The cuisine of Eastern Europe is a blend of hearty peasant dishes—groaning bowls of steaming dumplings, sauerkraut perfuming the air, beet soup striking a colorful pose—alongside elegant gourmet offerings like precious little appetizers and fancy tortes.
In both comfort foods and more complex dishes, the ingredients are always simple. It's the preparation and sauces that set them apart.
The Influence of Geography
Eastern European cuisine has been forged by the natural resources of the region that find their way into many recipes.
Fish and seafood are plentiful from the Baltic to the Black Sea. The unique flavor of the native juniper wood lends itself to smoking hams and sausages. And an abundance of sour cream and cream cheese are the natural byproducts of a thriving dairy industry.
And the seemingly ever-present home gardens yield up harvests of potatoes, cucumbers, kohlrabi, sweet and hot peppers, and dill.
The Influence of Many Cultures
There is such a crossover of regional influences, sometimes it's hard to say which dish originated in which country. Certainly, there are many variations on a theme, as in the case of stuffed cabbage and kołaczki cookies, also spelled kolache, kolacky and many other ways.
To make matters more interesting, marriages of the nobility centuries ago brought the flavors of Italian, French, Turkish, Russian, Jewish and German foods to mingle with those of Eastern Europe. The result is a delightful culinary stew.

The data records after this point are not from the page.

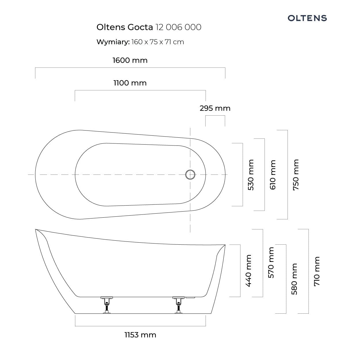 Oltens Gocta wanna wolnostojąca 160×75 cm owalna akrylowa biała 12006000
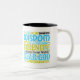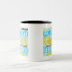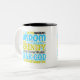 Serenity Prayer ord moln i 3 färg, svart, ljust grönt och ljusblå. Konstruktionen finns på båda sidor om mugg. Inuti färg i mugg är svart.
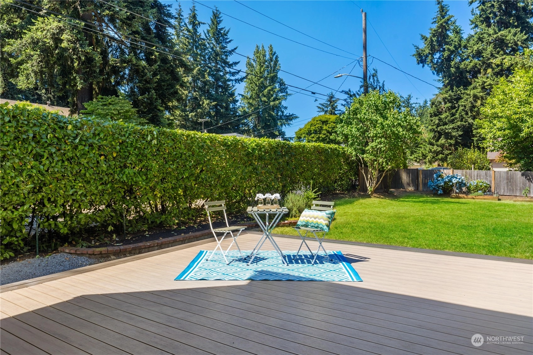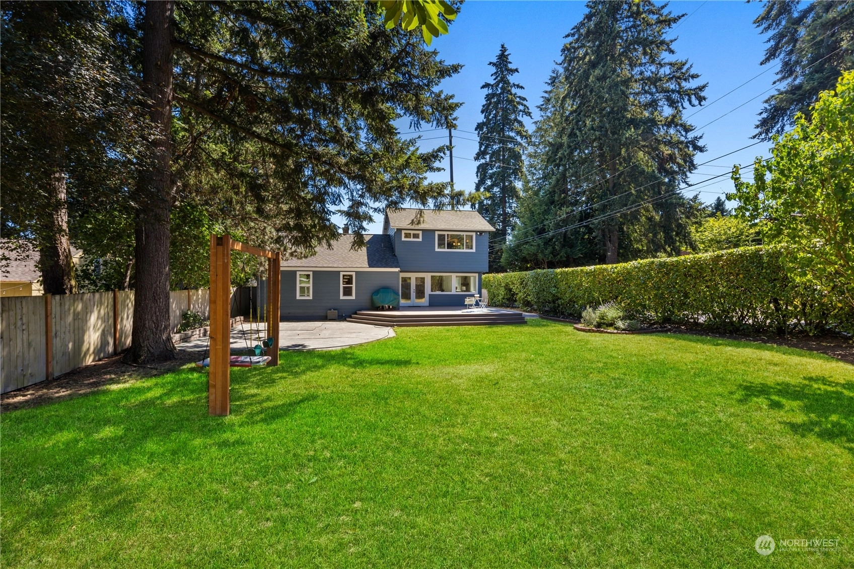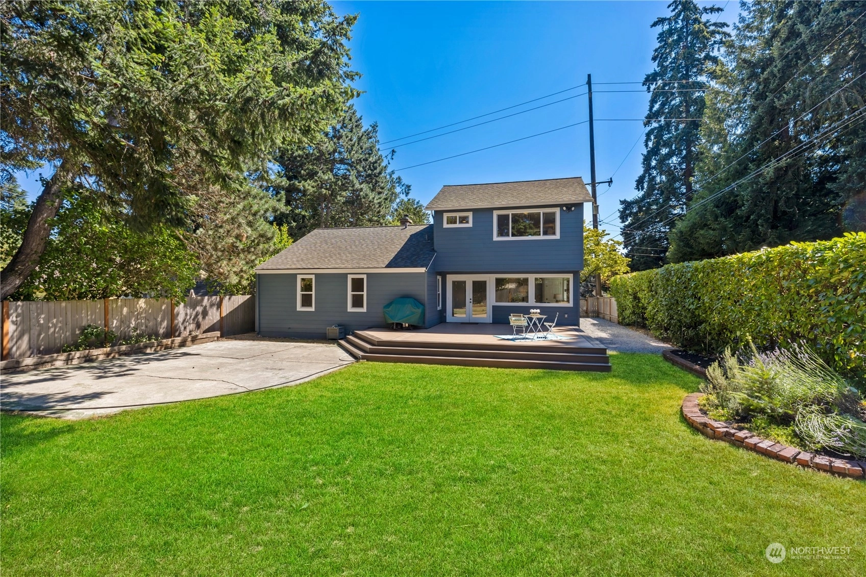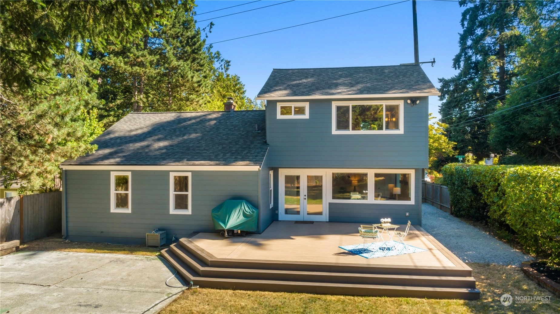 Welcome to this beautifully updated home nestled in the Haller Lake neighborhood. Warm hardwoods, brick fireplace, & custom built-ins greet you just inside the door. Continue through the kitchen w/ updated S/S appliances & pantry to the spacious living rm where natural light abounds. French doors lead to a large composite deck & expansive fully fenced backyard perfect for outdoor dining & relaxation. Escape upstairs to the primary suite with dual closets & tastefully remodeled bathroom. Flexible space upstairs for bed, den, or playroom + 2bd/1bth downstairs. 2 car garage with ample O/H storage. Steps to newly built school & Northacres park. 5min to shopping, dining and light rail in Northgate. Your ideal sanctuary for urban living awaits!

Queen Bona Sforza Puts Her Stamp on Polish Food
Vegetables other than cabbage and root vegetables were virtually unknown in Poland until 1518 when Queen Bona Sforza, an Italian princess who married the widowed Polish King Sigismund I (Zygmunt), also known as Sigismund the Old, and introduced them to her new homeland.
Many Polish words for vegetables, in fact, are taken directly from Italian -- kalafiory (cauliflower), pomidory (tomatoes) and sałata (lettuce), for example. To this day, soup greens are known as włoszczyzna or "Italian stuff," włoski being the Polish word for "Italian."
A Hospitable Cuisine
For many people, food is just nourishment. For Eastern Europeans, it's a cause for celebration, for sharing, for honoring age-old traditions.
There is always room for a guest at an Eastern European table. The people are as welcoming as the food.
Eastern European House Blessing
It is traditional in Eastern Europe (and probably the world over) to take a gift of bread, salt and wine to a new home or to greet guests at one's own door in this manner. It is also traditional for the parents of newly married couples to greet them at their new home with this gift.
The bread in this symbolic gift signifies the wish that the family should never know hunger. The salt symbolizes both the wish that their lives should always have flavor and a reminder that life might be difficult at times and they must learn to cope with life's struggles. The wine symbolized the parents' hope that the couple would never know thirst and enjoy a life of good health and cheer in the company of many good friends.